• **TASK DETAILS**: Quote every line below exactly and skip any picture.

• **DATA EXCERPT**:
════════

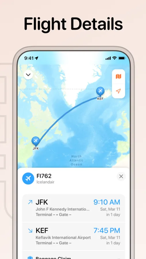– Receive flight updates via push notifications and never miss a gate or time change again.
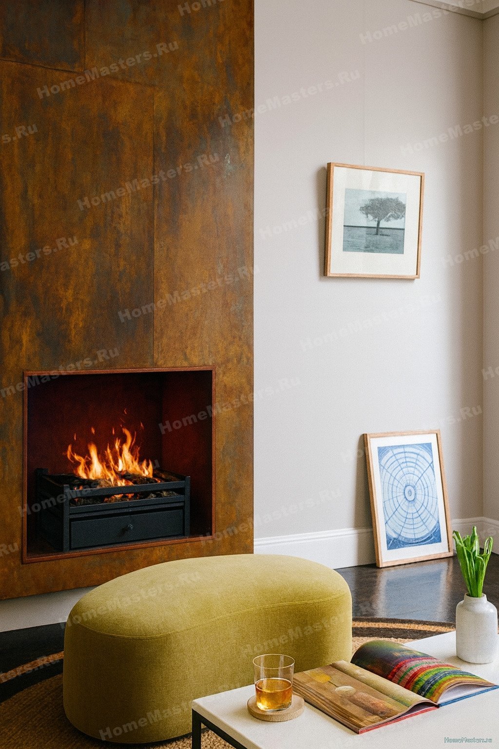 Наконец, стены с «ржавым» покрытием помогают создать атмосферу времени и истории. Они напоминают о старых заводских зданиях, корабельных корпусах или уличных конструкциях, где металл подвергался естественному воздействию. В интерьере это выглядит необычно и вызывает ощущение глубины и характера.
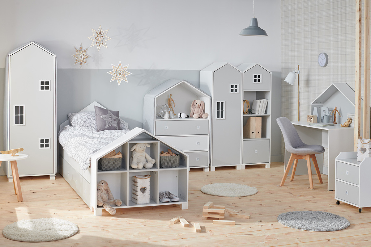 MIRUM Mehr aus der Kollektion Bett "Haus" Grau- Farbe weiß/grau
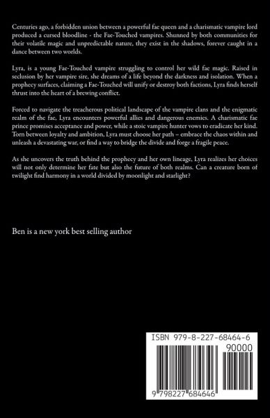 Centuries ago, a forbidden union between a powerful fae queen and a charismatic vampire lord produced a cursed bloodline - the Fae-Touched vampires. Shunned by both communities for their volatile magic and unpredictable nature, they exist in the shadows, forever caught in a dance between two worlds. Lyra, is a young Fae-Touched vampire struggling to control her wild fae magic. Raised in seclusion by her vampire sire, she dreams of a life beyond the darkness and isolation. When a prophecy surfaces, claiming a Fae-Touched will unify or destroy both factions, Lyra finds herself thrust into the heart of a brewing conflict. Forced to navigate the treacherous political landscape of the vampire clans and the enigmatic realm of the fae, Lyra encounters powerful allies and dangerous enemies. A charismatic fae prince promises acceptance and power, while a stoic vampire hunter vows to eradicate her kind. Torn between loyalty and ambition, Lyra must choose her path - embrace the chaos within and unleash a devastating war, or find a way to bridge the divide and forge a fragile peace. As she uncovers the truth behind the prophecy and her own lineage, Lyra realizes her choices will not only determine her fate but also the future of both realms. Can a creature born of twilight find harmony in a world divided by moonlight and starlight?

════════

• **RESULT OF THIS TASK**:
– Receive flight updates via push notifications and never miss a gate or time change again.
 Наконец, стены с «ржавым» покрытием помогают создать атмосферу времени и истории. Они напоминают о старых заводских зданиях, корабельных корпусах или уличных конструкциях, где металл подвергался естественному воздействию. В интерьере это выглядит необычно и вызывает ощущение глубины и характера.
 MIRUM Mehr aus der Kollektion Bett "Haus" Grau- Farbe weiß/grau
 Centuries ago, a forbidden union between a powerful fae queen and a charismatic vampire lord produced a cursed bloodline - the Fae-Touched vampires. Shunned by both communities for their volatile magic and unpredictable nature, they exist in the shadows, forever caught in a dance between two worlds. Lyra, is a young Fae-Touched vampire struggling to control her wild fae magic. Raised in seclusion by her vampire sire, she dreams of a life beyond the darkness and isolation. When a prophecy surfaces, claiming a Fae-Touched will unify or destroy both factions, Lyra finds herself thrust into the heart of a brewing conflict. Forced to navigate the treacherous political landscape of the vampire clans and the enigmatic realm of the fae, Lyra encounters powerful allies and dangerous enemies. A charismatic fae prince promises acceptance and power, while a stoic vampire hunter vows to eradicate her kind. Torn between loyalty and ambition, Lyra must choose her path - embrace the chaos within and unleash a devastating war, or find a way to bridge the divide and forge a fragile peace. As she uncovers the truth behind the prophecy and her own lineage, Lyra realizes her choices will not only determine her fate but also the future of both realms. Can a creature born of twilight find harmony in a world divided by moonlight and starlight?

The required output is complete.